Thursday, September 23, 2010 | 11:49 a.m. CDT

COLUMBIA — Though most people don't know it, the last Sunday in September is a day set aside to honor the mothers of troops lost in battle.

An organization in Columbia for military parents feels that Gold Star Mother's Day, established in 1936, hasn't received enough attention, despite America's wars in Iraq and Afghanistan. The founder of Marine Parents, Tracy Della Vecchia, has been trying to change that.

"That will increase the awareness and increase the opportunity for all of us to remember the heroes who sacrificed so much for us," Vecchia said.

The organization has reached out to its nationwide network of military parents and asked them to light a luminary in a window of their home Sunday if they have lost a son or daughter in the armed forces, Vecchia said.

She said she hopes neighbors will see the lights and ask about them, spreading the message of the day of remembrance.

Brake Printing, in Columbia, provided discounted fliers to promote the event, Vecchia said. She then sent those fliers to members of Marine Mothers around the country.

"It's a very grassroots effort," Vecchia said.

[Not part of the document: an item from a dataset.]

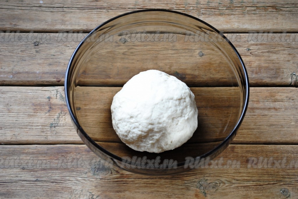 Замесить не липнущее к рукам, плотное тесто. Поместить его в миску, накрыть полотенцем и оставить "отдохнуть" на 30 минут при комнатной температуре.

Sandy Deraps, a Jamestown resident who lost her son, Lance Cpl. Leon Deraps, in Iraq in 2006, said she will be lighting a candle Sunday to recognize those who have died in war.

"I just hope that it gives awareness and thanksgiving to the service men and women that are giving their lives to helping others and serving others," Deraps said.

On Gold Star Mother's Day, she said she plans to present a $6,500 check to the St. Louis Fisher House, which provides services to the family members of injured veterans in the VA hospital there. The money came from a trivia night in Ballwin that the St. Louis chapter of Gold Star Mothers put on to help fund the Fisher House, Deraps said.

She said the day should help people realize the sacrifice that soldiers go through to protect both our country and the countries where they fight.

"We take it for granted every day," Deraps said. "We just jump in the car to go to Wal-Mart. People over there in Iraq and Afghanistan can't do that."